Beaumont Health has been flirting with plans to expand beyond Michigan after a 2015 mega merger with a couple of local health systems. In late May, the Southfield-based health system ended a planned partnership with Akron, Ohio-based Summa Health after signing an agreement in December that was approved by state and federal regulatory agencies.
Fox said Wednesday the decision not to complete the Summa partnership was made independently of the talks with Advocate Aurora.
At the time, Beaumont didn't provide a reason for its change of plans. But the novel coronavirus outbreak resulted in the hospital system's "hemorrhaging" of cash because of canceled elective surgeries due to state restrictions, other revenue losses and increased costs for personal protection equipment.
Advocate Aurora Health and Beaumont Health began discussions at the end of 2019, but partnership talks paused to allow both organizations to focus on COVID-19, according to Beaumont.
Both systems would work closely with state and regulatory agencies, a process that began earlier this week with notices going to Attorney General Dana Nessel's office and the attorney generals of Illinois and Wisconsin, the health systems said.
The eight-hospital Beaumont Health system is Michigan's largest hospital system with 3,429 beds and annual net patient revenue of $4.7 billion. The health system has 145 outpatient sites, nearly 5,000 affiliated physicians and 38,000 employees.
Advocate Aurora Health serves nearly 3 million patients annually in Illinois and Wisconsin with more than 500 sites of care.
Beaumont Health became Michigan's largest hospital system in 2015 when Beaumont absorbed Botsford Health Care and Oakwood Healthcare.
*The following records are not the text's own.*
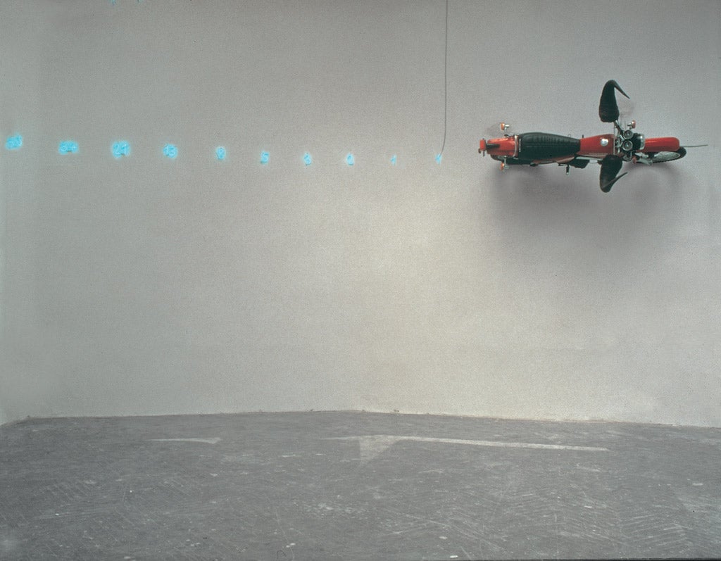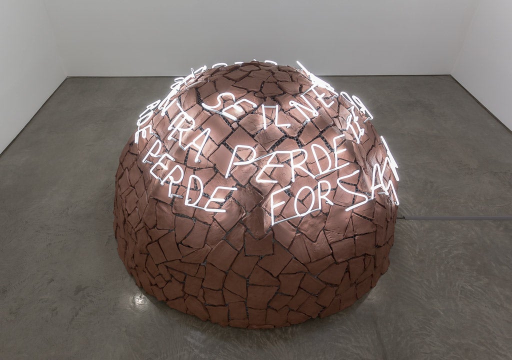 Mario Merz was a foundational figure within the Italian movement Arte Povera. Merz infused humble, everyday materials with a sensitivity to the natural and scientific worlds and the relationship between order and disorder. Senza titolo (Una somma reale è una somma di gente) (Untitled [A Real Sum Is a Sum of People]), 1972, manifests these concerns in ten sequential black and white photographs taken in a restaurant in the Italian city of Turin. Each image depicts a progressively larger group of the artist’s circle as they gather—their number growing more or less in accordance with the numeral affixed over the image. For Merz, the table symbolizes an equitable, democratic space to foster community and social interaction; the proliferation of gatherers is an emblem of life itself.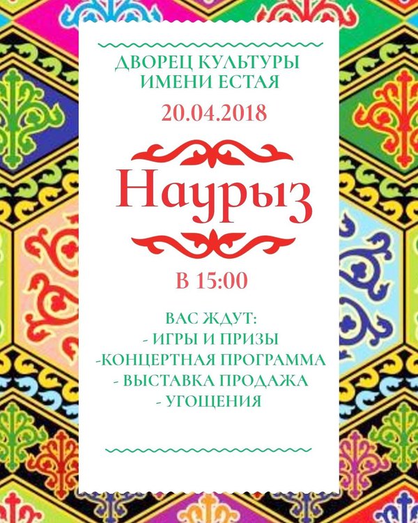 ️Уважаемые жители и гости нашего города⁉ Приглашаем вас на праздничное мероприятие посвященное Наурызу! Вас ждут: интересные игры и подарки концертная программа коллективов дворца выставка продажа павлодарских мастеров вкусные угощения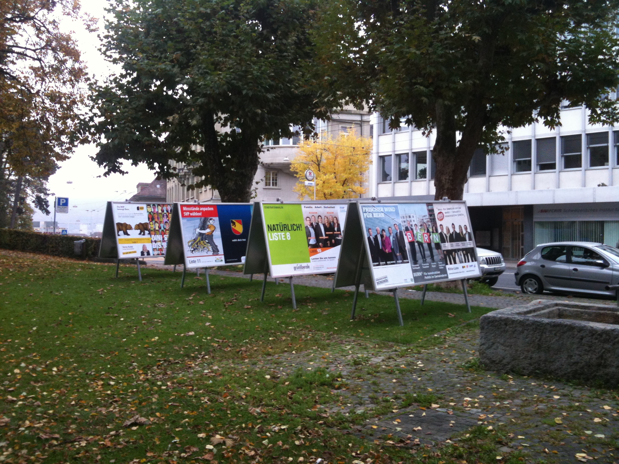 Cam asa arata afisajul stradal prin Elvetia. Panourile apar si dispar odata cu campania electorala. In rest afisaje in locurile publicitare si flyere prin posta. Nu tu lipeli pe garduri, nu tu lipeli peste afisul altuia.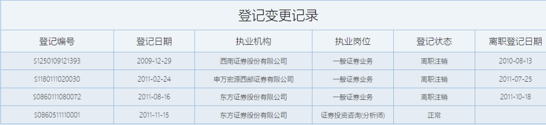 中证协从业人员信息显示,他在2009年12月首次登记执业于西南证券;2011年2月至7月在申万宏源西部短暂执业;2011年8月加入东方证券,同年11月登记为证券分析师,至今已有12年。

The mega merger happened after Beaumont's proposed merger with the then-larger Henry Ford Health System was aborted in 2013 after both health systems concluded the risks of melding vastly different cultures and business models outweighed the benefits.
Advocate's big ambitions
Baumgarten was not surprised to hear of the talks between Beaumont and the Advocate Aurora Health system, which in January unveiled an ambitious goal of doubling its $12 billion annual revenue to $27 billion by 2025. The Illinois and Wisconsin health system also set a goal of more than tripling its current number of patients, from 2.8 million now to 10 million patients within five years.
"You don't get there with a couple of hospitals in Illinois and a couple of hospitals in Wisconsin," Baumgarten said. "You really want to be looking at acquiring new systems, and I’m pretty sure they plan to focus on the Midwest."
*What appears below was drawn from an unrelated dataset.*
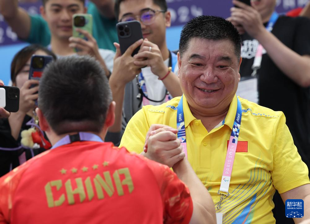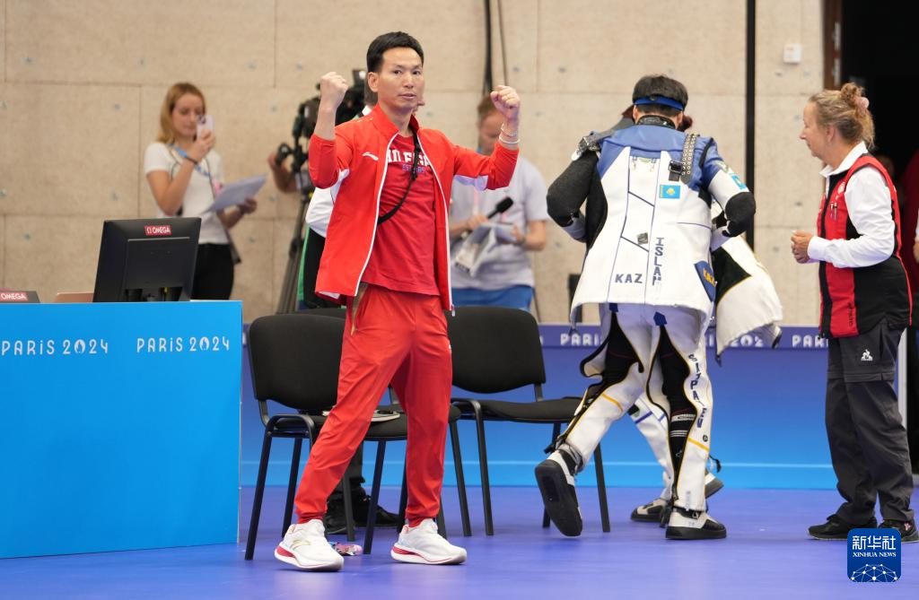 7月27日,国际射联副主席、中国射击奥运冠军王义夫(右)在比赛后庆祝。新华社记者 赵丁喆 摄
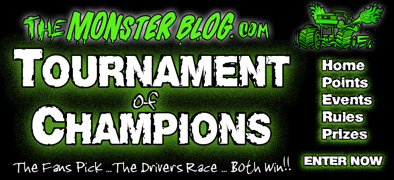 A huge thanks to all of the drivers and fans who were a part of the inaugural Tournament of Champions, and we would especially like to express our gratitude to all of the organizations who supported this contest through donation of prizes. Steve Parry will be receiving a huge package of monster truck merchandise just in time for Christmas courtesy of the organizations below. Hall Brothers Racing team will also be receiving some great prizes as well including a $100 Vinyl Images Gift Certificate, a $200 gas card, $500 Off a set of Sudden Impact Racing Tires, and 500 Custom Designed Hero Cards by the fine folks at Midland Printing! Support the folks below as thanks for their support of TheMonsterBlog.com, and maybe next year's Tournament of Champions will be even bigger! .: Thanks to the following organizations for their support of the Tournament of Champions :. October 31st, 2007 - TheMonsterBlog.com Tournament of Champions is winding to a close with only one weekend of competition left until our winners are declared! The T.O.C. was created as our way of saying thank you to all the drivers and fans who have supported The Monster Blog over the last couple years by giving each the chance to win some great prizes. The final event is being held tomorrow night in Montreal, Quebec! - Driver Competition Down to a Two-Man Race The Driver Competition has been intense for the entire eleven weeks to date, with over fifty drivers participating in T.O.C. events. Thirty-five drivers have scored performance points, and with only one more weekend of competition left, the title fight has been narrowed to two drivers. One driver had stood above the rest for the duration of the Tournament leading into last weekend’s event in Nashville. It was no surprise to find that driver was none other than legendary Bigfoot driver Dan Runte. Starting the first weekend out at Clash of the Titans, Runte maintained his spot at the top of the heap through consistent performances including big racing wins in Salt Lake City, Dallas, Phoenix, and Las Vegas. Runte even picked up a freestyle win in Memphis, giving him a total of 127.5 points. But entering last weekend right on Runte’s heels was Mark Hall and the Raminator team. Hall reached the 6-event baseline in style, winning the racing competition in Kentucky to move into second overall in the standings. Hall picked up big racing victories in Charlotte, Indianapolis, and Wildwood for an overall total of 110 points going into the Week 12 event in Nashville. Hall’s only chance to surpass Runte was to win the racing competition against a tough field of 18 of the best trucks in the country. Runte exited in the second round of racing and failed to score any T.O.C. points at the Nashville event leaving the door open for the Raminator team. Hall marched his way to the final round in Raminator, taking on Doug Noelke in Tail Gator. After a bobble early in the race, Hall came back for an incredible final round victory in Nashville, earning enough points to surpass Runte with a final total of 130 points! Now only one other driver has a chance at being the first ever Tournament of Champions winner. That driver sits in fourth place and is now in contention for the title after coming on strong late in the Tournament. That driver is Jim Koehler and his Avenger machine. Koehler scored a freestyle win early in the Tournament in Texas, but it wasn’t until Week 9 in Joliet that Avenger began making the move forward. In Joliet Koehler took the freestyle win and made it to the semi-finals in racing. In Memphis Avenger swept Saturday night, winning racing and freestyle to move into the fourth position overall in the Tournament. Koehler had to take a win in Nashville to remain in contention, and he did just that, topping the competition and walking away with the freestyle victory. Koehler now has 95 points total and a chance at the title as he will be competing in the final T.O.C. event this weekend in Montreal. Sitting at a thirty-five point deficit from leader Mark Hall, Koehler faces a tall task at Olympic Stadium Saturday night. He must win freestyle and make it to the finals in racing to earn enough points to overtake Hall and Raminator. With only one event remaining in the Tournament of Champions, Jim Koehler and the Avenger team are in control of their own destiny—they must make it to the finals in racing and win freestyle to be the Tournament of Champions winners. Mark Hall and the Raminator can now only wait, after doing their part last weekend in Nashville. Despite leading the way the entire competition, Dan Runte and the Bigfoot 4x4 team can only look ahead until next year’s T.O.C. - Fan Competition Wide Open Heading into the final event in Montreal this weekend, there are still eight fans in the running for a monster truck fan’s dream prize package! The primary contenders are the top three fans however, with fan teams Rambo Race Team, West Coast Racing, and Dan’s The Man Racing separated by a mere 16 points. Steve Parry’s Rambo Ram Team sits in first place leading Pablo Gutierrez’s West Coast Racing by a margin of only 2 points! From all accounts, the Fan Competition has been a huge success, drawing rave reviews from fans who have participated and great prizes from teams looking to give back to the fans. Best of luck to the Top 8 in this weekend’s final event! - Even More Fan Prizes Added As if the fan prize wasn’t BIG enough, three more organizations have kicked in gear for the Grand Prize! David Kranak and the gang over at MonsterTruckCollectors.com have donated a T-shirt, while Clive Featherby’s KC’s Fireworks from Australia has also gotten in on the action with a DVD and hat. Dan & Chris Patrick were also kind enough to throw in some Samson merchandise as well. - Thank You To The Sponsors The Tournament of Champions has been a hugely successful promotion and we sincerely thank everyone who has gotten involved. The sponsors who have stepped up to give bac

Asked about the timing of Wednesday's announcement, just as the economy is reopening in Michigan, the Minneapolis analyst said Beaumont was financially healthy prior to the COVID-19 crisis and indications are that it will return to its formerly strong financial position, provided there isn't another outbreak.
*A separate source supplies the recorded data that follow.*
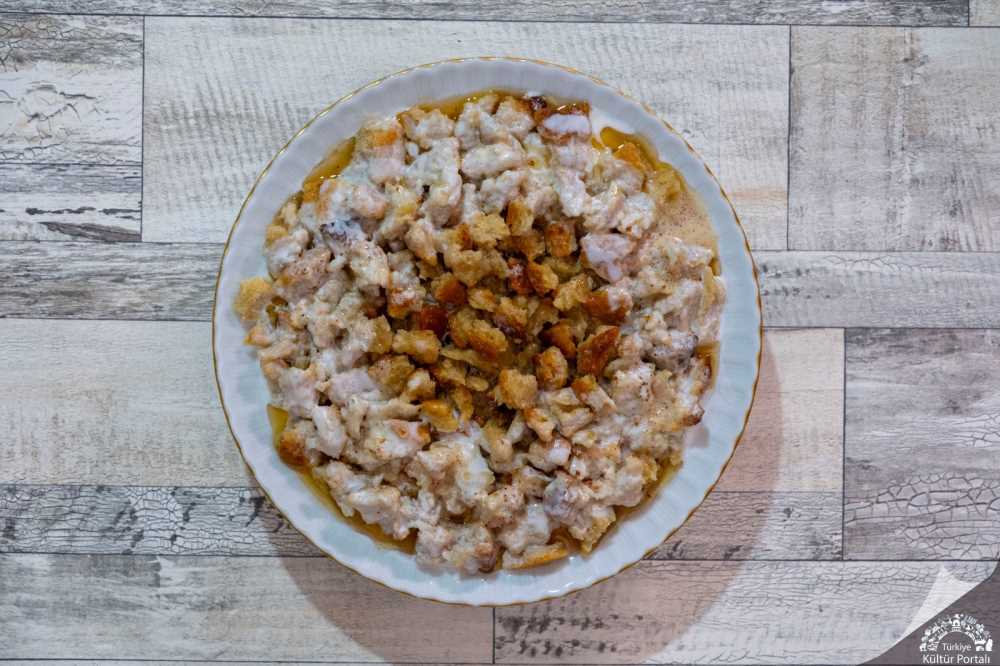 Mayasız una ılık su katılarak iyice yoğrulur. Yoğrulan hamur orta büyüklükte bir tepsiye konarak el ile tepsinin içinde dağıtılarak düzeltilir. Yanan ocaktaki köz açılır, altındaki kül temizlenir, tepsideki hamur közün içinde açılan yere düzgün konularak üstü sac ile örtülür. Sacın üstüne köz ateş konur, iyice kızartıldıktan sonra ekmek çıkartılarak soğumaya bırakılır. Soğuyan ekmek ufak ufak bir kaba doğranır, daha önce hazırlanan sarımsaklı ayran ve tereyağı üzerine dökülerek servis yapılır.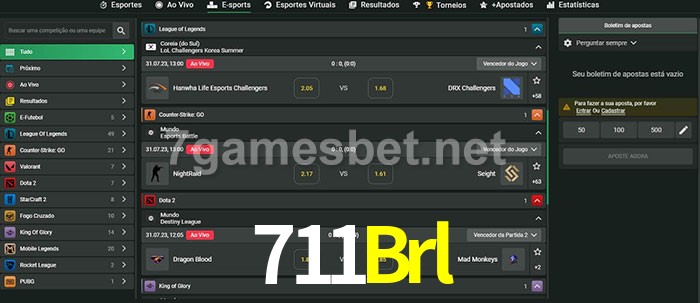 O 711Brl oferece uma grande seleção de opções de apostas em e-sports com probabilidades competitivas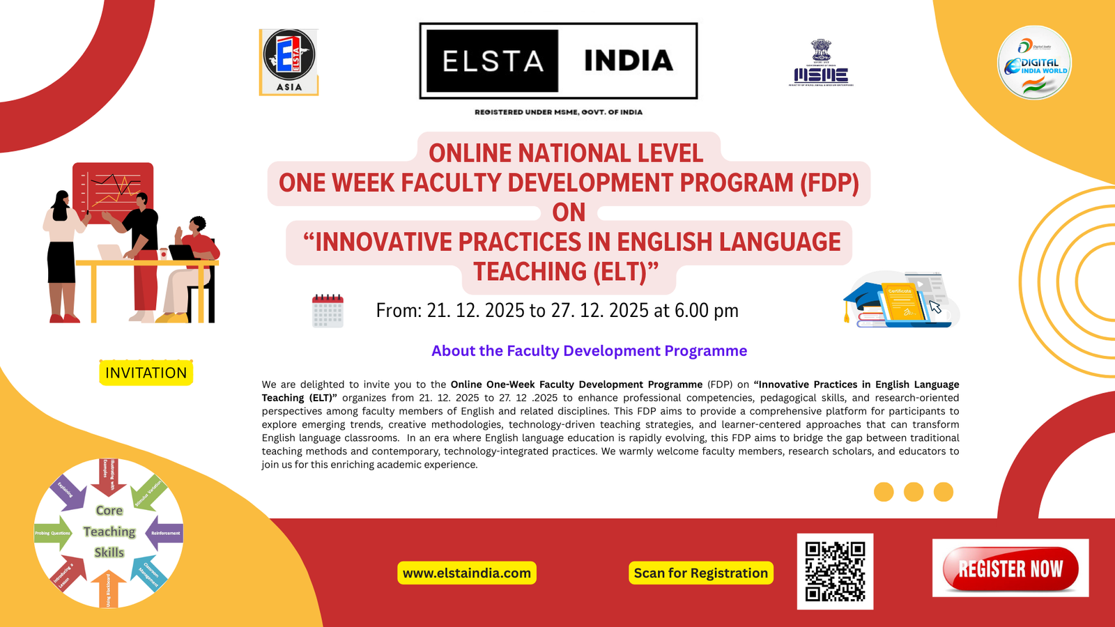 ELSTA, INDIA💻📱📲🖨🛜 Organizes Online 1 Day National Level Professional Development ProgramOn“Presentation Skills & Public Speaking in Academic Contexts” 🗓10th January 2026 🕜Time: 6:00 pm 💐💐Platform: Google Meet Registration Link:https://forms.gle/epmEHt6Jv1FBodNW9 Limited [...]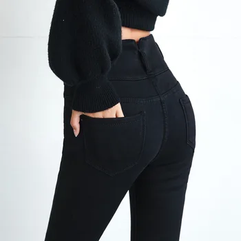 חדש גבוהה מותן קטיפה עבה ג 'ינס נשי חורף סקיני למתוח חם ג' ינס מכנסיים אמא שחור ג 'ינס מכנסיים עם צמר מכנסיים p125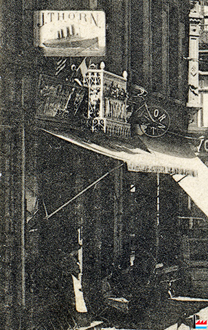 | 9.1908 | Une grande photographie exposée dans la vitrine de la maison de cycles Thorn, avenue de la Gare à Luxembourg, nous montre l’aéroplane Wright sur un camion automobile et MM. Vincent Wiesenbach et Wilbur Wright installés sur les sièges de la voiture. Nous recherchons cette photo, un grand merci d'avance pour toute aide! - We are looking for this picture, many thanks in advance for any help! wanted@industrie.lu |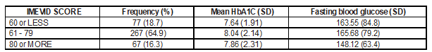 In measuring the lifestyle of diabetics, the starting suppose, is that when higher scores are in the IMEVID instrument, the levels of fasting blood glucose and glycosylated hemoglobin must be lower. The mean score of the IMEVID test was 69.73 (SD = 9.62, range 40-94); Table 2 shows the mean values of glycosylated hemoglobin and glycemia in relation to the score group reached in the IMEVID questionnaire. There were no statistically significant differences between the groups (p> 0.05).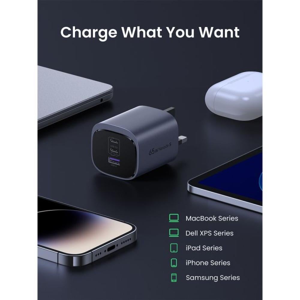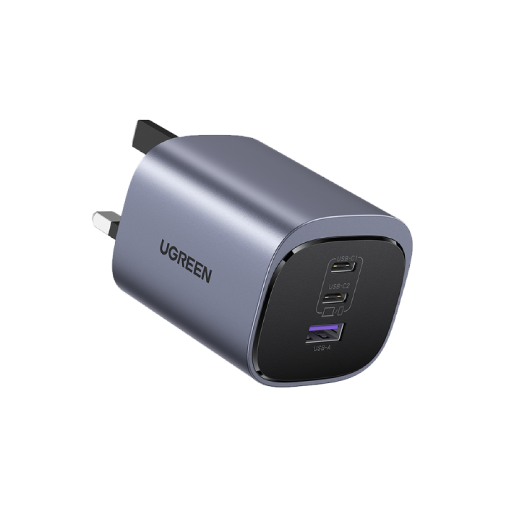 شاحن جداري يوجرين نيكسود S بتقنية GaN بمنفذين USB-C ومنفذ USB وبقوة 65 واط - رمادي

Most hospitals have returned to about 80% to 90% of their former volume of non-emergency surgeries, and have benefited from federal aid to offset COVID-19 losses, Baumgarten said.
"They took a significant blow in April and May with the increased expenses, and the reduced revenues and investment losses," he said. "But (with) the federal funding and the resumption of many of their core revenue generating activities, I think they're on track to get back to their normally strong financial position."
The pandemic has likely resulted in changes across the health care landscape that are likely to remain after the crisis, such as increased on reliance on telemedicine with fewer office visits and hospital stays, Baumgarten said. The changes will become more evident in the coming months, as Beaumont and Advocate Aurora negotiate the proposal, he said.
Completing a deal is far from assured, Baumgarten said, noting at least four major hospital mergers were announced, but subsequently canceled before closing.